Las cifras estremecen. Según la ONU, al menos mil personas han muerto tiroteadas al intentar acceder a los puntos de distribución de alimentos gestionados por la Gaza Humanitarian Foundation (GHF), la controvertida organización norteamericana apoyada por Israel que reparte comida en cuatro puntos de la franja. Los tiroteos para ahuyentar a las masas hambrientas se cobran víctimas casi a diario.
La responsabilidad de Israel
“Israel podría haber cambiado la situación. Y mientras no lo haga, su responsabilidad es total”, denuncia. La suya, añade, es también una responsabilidad personal. “Es mi Gobierno, y es mi deber luchar”, insiste. Desde la devastada Gaza, miles de palestinos también reclaman al grupo islamista Hamás que se rinda y entregue a los 50 rehenes israelíes que mantiene en su poder. Tras casi dos años de guerra, crece el resentimiento de los gazatíes hacia el grupo les gobernó con puño de hierro durante casi dos décadas. Ante todo, la gente necesita comer.
Desde el pasado diciembre, Shlomot promovió junto a otras activistas acciones públicas para despertar conciencias. Una de las más visibles es la manifestación silenciosa que llevan meses protagonizando hombres y mujeres vestidos de negro, de pie y en silencio durante una hora, sosteniendo fotos de niños gazatíes. Se han plantado en plazas de Tel Aviv, Jerusalén o Haifa con un mensaje claro: “El hambre es un crimen de guerra”. Al principio eran unos pocos. Hoy son centenares.
Hostilidad contra ellas
“La gente se conecta con las fotos, con las historias. Muchas mujeres, sobre todo, sienten un vínculo visceral con esta tragedia. Lo que el pueblo judío vivió con el hambre nos marca profundamente”, dice. “Y ahora somos nosotros quienes provocamos ese sufrimiento en otros”, lamenta.
Pero no todo es silencio ni reflexión. En algunas zonas han sido recibidos con huevos, insultos y agresiones físicas. “Nos tiraron una pala, nos golpearon. Fue violento. Muy violento. Cuando salimos del entorno de nuestra burbuja, la hostilidad es brutal”, matiza. En el centro de Tel Aviv, con población mayormente liberal y de izquierdas, sus proclamas no generan tanta hostilidad.

Pese a remar a contracorriente, las activistas persisten. Saben que el mundo mira a Israel: las fotos de niños famélicos ocupan portadas y noticieros. Para algunos activistas, el acto de sostener un cartel con un rostro anónimo se convierte en un ejercicio casi meditativo, una forma de resistir al dolor y de encontrar sentido a su lucha.
Vivir con la conciencia del hambre al otro lado del muro también tiene un coste emocional. “Muchos amigos míos sienten una disonancia casi diaria.

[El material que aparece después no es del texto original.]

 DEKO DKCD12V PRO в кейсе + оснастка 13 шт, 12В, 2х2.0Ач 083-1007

Disfrutar de un helado o comer en un buen restaurante se convierte en una experiencia cargada de culpa. No porque ese gesto cambie algo para los niños en Gaza, pero porque es insoportable pensar que mientras tú comes, otros mueren de hambre”, reconoce.
“La magnitud del sufrimiento humano es evidente”

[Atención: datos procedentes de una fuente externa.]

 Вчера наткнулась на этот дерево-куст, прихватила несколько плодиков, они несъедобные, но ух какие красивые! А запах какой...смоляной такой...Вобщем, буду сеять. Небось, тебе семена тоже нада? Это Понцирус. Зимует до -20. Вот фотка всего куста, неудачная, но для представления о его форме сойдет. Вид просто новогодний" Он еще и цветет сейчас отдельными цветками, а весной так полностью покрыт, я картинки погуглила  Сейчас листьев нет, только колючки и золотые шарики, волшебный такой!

Shlomot se revuelve en esa paradoja. “Estoy sentada en casa de mi madre, cómoda, feliz porque mi hijo ha vuelto del campamento. Y al mismo tiempo, a pocos kilómetros, hay gente que no tiene ni un pedazo de pan, ni un techo sobre su cabeza. Es una realidad tan absurda que cuesta asimilarla”, prosigue. Las cifras son abrumadoras. “Quizás estamos hablando de 100.000 muertos. No lo sabemos. Y no sabremos los números reales durante mucho tiempo. Pero la magnitud del sufrimiento humano es evidente”, agrega.

En su reflexión final, Shlomot apela a la capacidad de una sociedad para asumir lo que ha hecho en su nombre. “Todo depende de cómo enfrentemos nuestra responsabilidad. Si negamos, si culpamos a otros, la herida no se cerrará. Pero si, aunque sea tarde, miramos al otro, al que sufre, y tratamos de reparar, aún hay esperanza. Se puede reconstruir la confianza. Se puede sanar”, considera.
No es optimista respecto al liderazgo actual de Israel, pero no abandona la posibilidad de una transformación. “Si conseguimos cambiar la dirección o influir en ella, podemos tener un futuro diferente. Si no, me preocupa profundamente lo que vendrá”. Como a tanto israelíes, a Shlomot le preocupa el país que dejará a sus hijos. En una concentración esta semana en Tel Aviv, una pancarta sobresalía entre las demás. En letras grandes, decía: “La tercera generación del Holocausto se opone a la hambruna en Gaza”.